DATA EXTRACTS:

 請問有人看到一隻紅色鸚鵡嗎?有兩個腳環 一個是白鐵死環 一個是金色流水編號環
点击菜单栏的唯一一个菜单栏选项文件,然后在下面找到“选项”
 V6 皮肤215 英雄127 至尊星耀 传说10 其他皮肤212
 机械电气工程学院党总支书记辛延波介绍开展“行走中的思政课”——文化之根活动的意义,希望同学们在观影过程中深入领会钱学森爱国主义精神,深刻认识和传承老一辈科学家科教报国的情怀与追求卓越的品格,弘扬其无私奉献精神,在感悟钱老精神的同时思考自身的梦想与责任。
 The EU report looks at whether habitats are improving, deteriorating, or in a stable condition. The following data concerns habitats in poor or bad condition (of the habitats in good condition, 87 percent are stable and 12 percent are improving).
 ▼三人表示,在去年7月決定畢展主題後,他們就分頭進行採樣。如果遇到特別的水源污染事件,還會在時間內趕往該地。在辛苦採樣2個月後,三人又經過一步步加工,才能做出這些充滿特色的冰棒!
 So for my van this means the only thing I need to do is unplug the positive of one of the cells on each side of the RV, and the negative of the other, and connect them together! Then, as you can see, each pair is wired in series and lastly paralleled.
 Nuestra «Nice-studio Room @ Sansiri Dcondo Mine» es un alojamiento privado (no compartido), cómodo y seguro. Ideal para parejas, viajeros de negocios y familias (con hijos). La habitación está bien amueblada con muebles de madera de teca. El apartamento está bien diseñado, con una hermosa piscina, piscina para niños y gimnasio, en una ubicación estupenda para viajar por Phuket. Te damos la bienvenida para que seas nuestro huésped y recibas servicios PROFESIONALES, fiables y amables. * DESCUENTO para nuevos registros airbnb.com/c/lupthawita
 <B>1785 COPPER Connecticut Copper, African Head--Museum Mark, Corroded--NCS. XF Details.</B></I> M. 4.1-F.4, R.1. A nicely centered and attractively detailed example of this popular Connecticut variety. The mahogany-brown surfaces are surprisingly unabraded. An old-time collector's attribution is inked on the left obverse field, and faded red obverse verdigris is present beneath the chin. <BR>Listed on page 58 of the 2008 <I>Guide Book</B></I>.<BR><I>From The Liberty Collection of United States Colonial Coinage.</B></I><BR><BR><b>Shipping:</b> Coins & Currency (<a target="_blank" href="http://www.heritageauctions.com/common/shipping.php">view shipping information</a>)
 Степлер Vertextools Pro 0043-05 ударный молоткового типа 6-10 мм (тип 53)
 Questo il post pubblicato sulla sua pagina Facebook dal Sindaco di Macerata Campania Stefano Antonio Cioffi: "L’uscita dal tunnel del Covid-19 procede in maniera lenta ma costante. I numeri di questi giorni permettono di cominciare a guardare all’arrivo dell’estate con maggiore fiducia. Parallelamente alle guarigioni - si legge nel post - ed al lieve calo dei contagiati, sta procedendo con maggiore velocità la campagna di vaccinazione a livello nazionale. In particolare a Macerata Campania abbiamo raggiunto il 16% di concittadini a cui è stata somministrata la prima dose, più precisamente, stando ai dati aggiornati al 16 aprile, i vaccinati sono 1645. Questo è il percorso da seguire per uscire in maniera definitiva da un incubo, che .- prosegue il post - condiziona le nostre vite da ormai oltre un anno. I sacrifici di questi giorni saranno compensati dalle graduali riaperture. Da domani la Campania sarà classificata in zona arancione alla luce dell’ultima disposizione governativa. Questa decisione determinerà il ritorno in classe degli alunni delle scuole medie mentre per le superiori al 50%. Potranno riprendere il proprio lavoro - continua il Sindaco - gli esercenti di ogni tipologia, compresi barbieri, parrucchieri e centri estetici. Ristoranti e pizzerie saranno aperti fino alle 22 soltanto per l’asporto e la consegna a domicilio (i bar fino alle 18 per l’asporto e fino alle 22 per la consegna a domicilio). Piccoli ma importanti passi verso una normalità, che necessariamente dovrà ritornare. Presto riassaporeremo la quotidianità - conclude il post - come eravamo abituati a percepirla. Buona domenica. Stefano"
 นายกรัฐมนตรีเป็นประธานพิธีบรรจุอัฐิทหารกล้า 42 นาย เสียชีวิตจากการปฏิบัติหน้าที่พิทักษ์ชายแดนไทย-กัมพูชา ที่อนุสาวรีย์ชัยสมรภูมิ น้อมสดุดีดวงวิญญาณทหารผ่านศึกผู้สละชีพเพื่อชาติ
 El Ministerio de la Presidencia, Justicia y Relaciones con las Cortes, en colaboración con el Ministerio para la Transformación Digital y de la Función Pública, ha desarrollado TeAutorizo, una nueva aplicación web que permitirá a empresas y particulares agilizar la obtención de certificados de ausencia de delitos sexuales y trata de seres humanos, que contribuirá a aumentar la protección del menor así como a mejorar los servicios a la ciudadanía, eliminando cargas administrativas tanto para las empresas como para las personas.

AIM OF THE EXERCISE: Wherever a line in the listing contains the word "servicios", copy that line out.

EXERCISE OUTPUT:
 Nuestra «Nice-studio Room @ Sansiri Dcondo Mine» es un alojamiento privado (no compartido), cómodo y seguro. Ideal para parejas, viajeros de negocios y familias (con hijos). La habitación está bien amueblada con muebles de madera de teca. El apartamento está bien diseñado, con una hermosa piscina, piscina para niños y gimnasio, en una ubicación estupenda para viajar por Phuket. Te damos la bienvenida para que seas nuestro huésped y recibas servicios PROFESIONALES, fiables y amables. * DESCUENTO para nuevos registros airbnb.com/c/lupthawita
 El Ministerio de la Presidencia, Justicia y Relaciones con las Cortes, en colaboración con el Ministerio para la Transformación Digital y de la Función Pública, ha desarrollado TeAutorizo, una nueva aplicación web que permitirá a empresas y particulares agilizar la obtención de certificados de ausencia de delitos sexuales y trata de seres humanos, que contribuirá a aumentar la protección del menor así como a mejorar los servicios a la ciudadanía, eliminando cargas administrativas tanto para las empresas como para las personas.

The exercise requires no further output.